---------- Data block

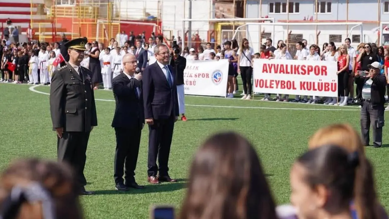 Kutlamaların başlangıcı, Cumhuriyet Meydanı'nda bulunan Atatürk Anıtı'na çelenk sunulmasıyla yapıldı. Ardından, Hüsnü Uğural Stadyumu'nda devam eden tören, saygı duruşu ve İstiklal Marşı'nın okunmasıyla başladı. Ayvalık Kaymakamı Hasan Yaman'ın öğrenci, öğretmen ve halkın bayramını kutlamasıyla coşku daha da arttı.
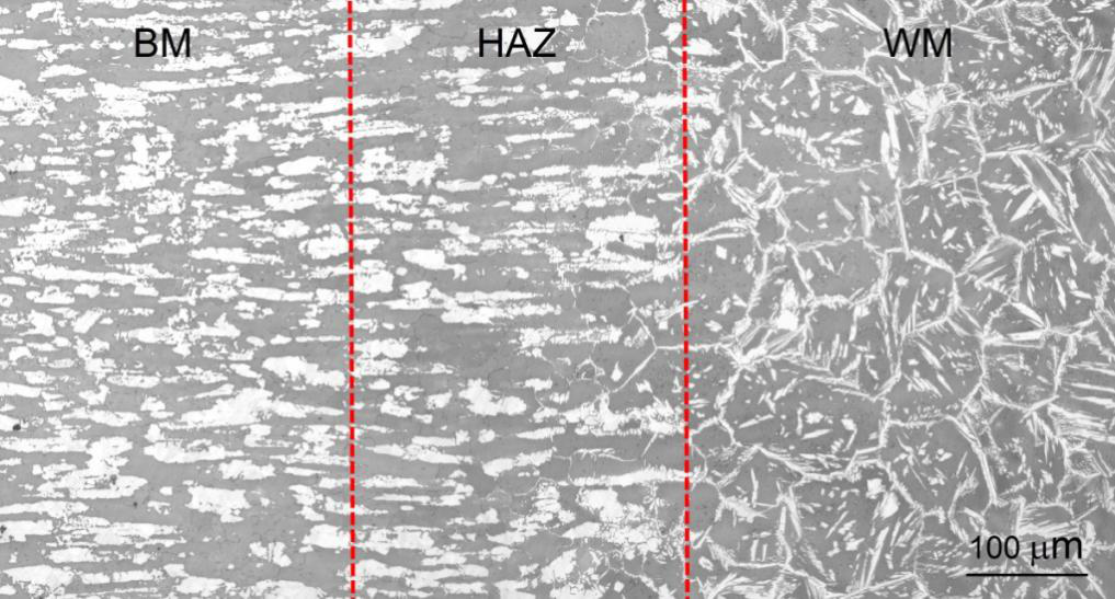 焊接過程是一個(gè)快速加熱與快速冷卻的熱循環(huán)過程。焊接接頭的組織可以分為三個(gè)部分:熔合區(qū)、熱影響區(qū)和母材。雙相不銹鋼的熔合區(qū)為鑄態(tài)組織,屬于鐵素體凝固模式,一次凝固相為單相鐵素體。焊接接頭的熱影響區(qū)根據(jù)距離焊縫熔池距離不同可分為高溫?zé)嵊绊憛^(qū)和中低溫?zé)嵊绊憛^(qū)。高溫?zé)嵊绊憛^(qū)幾乎為單相鐵素體組織,高溫?zé)嵊绊憛^(qū)的兩相比例一方面取決于鋼的化學(xué)成分,另一方面取決于焊接熱輸入、冷卻速度度等因素。中低溫?zé)嵊绊憛^(qū)基本上處于兩相平衡區(qū),在冷速較慢的情況下,可能會(huì)產(chǎn)生金屬間析出相。熱影響區(qū)晶粗大且易于產(chǎn)生析出相,大大降低了材料的沖擊性能和點(diǎn)蝕性能。
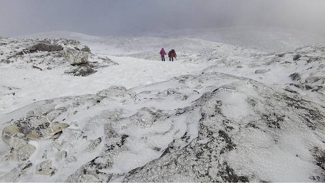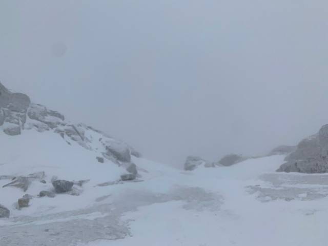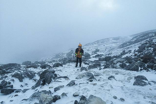 图中的这两个人我们在后面的路上也碰到了,穿紫红色冲锋衣的女生出现了失温现象,她的向导不仅没有第一时间带她下撤,反而停在路上给她搓手,实施了常见的错误救援方法。吉克看见后,立马上前提示了风险,并严肃的告诉他们,如果不想死在山上就应该迅速下撤。后来,我们目送他们离开了,这是今天看到的第二批还没到五千米就下撤的山友。
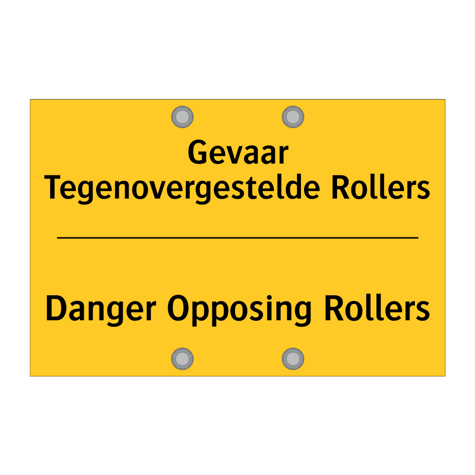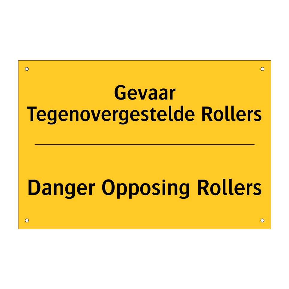 Waarschuwingsbord met de tekst Gevaar Tegenovergestelde Rollers / Danger Opposing Rollers

--------------------

:: Brief ::
Write out the material exactly as it stands, omitting every picture.

:: Result below ::
 Kutlamaların başlangıcı, Cumhuriyet Meydanı'nda bulunan Atatürk Anıtı'na çelenk sunulmasıyla yapıldı. Ardından, Hüsnü Uğural Stadyumu'nda devam eden tören, saygı duruşu ve İstiklal Marşı'nın okunmasıyla başladı. Ayvalık Kaymakamı Hasan Yaman'ın öğrenci, öğretmen ve halkın bayramını kutlamasıyla coşku daha da arttı.
 焊接過程是一個(gè)快速加熱與快速冷卻的熱循環(huán)過程。焊接接頭的組織可以分為三個(gè)部分:熔合區(qū)、熱影響區(qū)和母材。雙相不銹鋼的熔合區(qū)為鑄態(tài)組織,屬于鐵素體凝固模式,一次凝固相為單相鐵素體。焊接接頭的熱影響區(qū)根據(jù)距離焊縫熔池距離不同可分為高溫?zé)嵊绊憛^(qū)和中低溫?zé)嵊绊憛^(qū)。高溫?zé)嵊绊憛^(qū)幾乎為單相鐵素體組織,高溫?zé)嵊绊憛^(qū)的兩相比例一方面取決于鋼的化學(xué)成分,另一方面取決于焊接熱輸入、冷卻速度度等因素。中低溫?zé)嵊绊憛^(qū)基本上處于兩相平衡區(qū),在冷速較慢的情況下,可能會(huì)產(chǎn)生金屬間析出相。熱影響區(qū)晶粗大且易于產(chǎn)生析出相,大大降低了材料的沖擊性能和點(diǎn)蝕性能。
 图中的这两个人我们在后面的路上也碰到了,穿紫红色冲锋衣的女生出现了失温现象,她的向导不仅没有第一时间带她下撤,反而停在路上给她搓手,实施了常见的错误救援方法。吉克看见后,立马上前提示了风险,并严肃的告诉他们,如果不想死在山上就应该迅速下撤。后来,我们目送他们离开了,这是今天看到的第二批还没到五千米就下撤的山友。
 Waarschuwingsbord met de tekst Gevaar Tegenovergestelde Rollers / Danger Opposing Rollers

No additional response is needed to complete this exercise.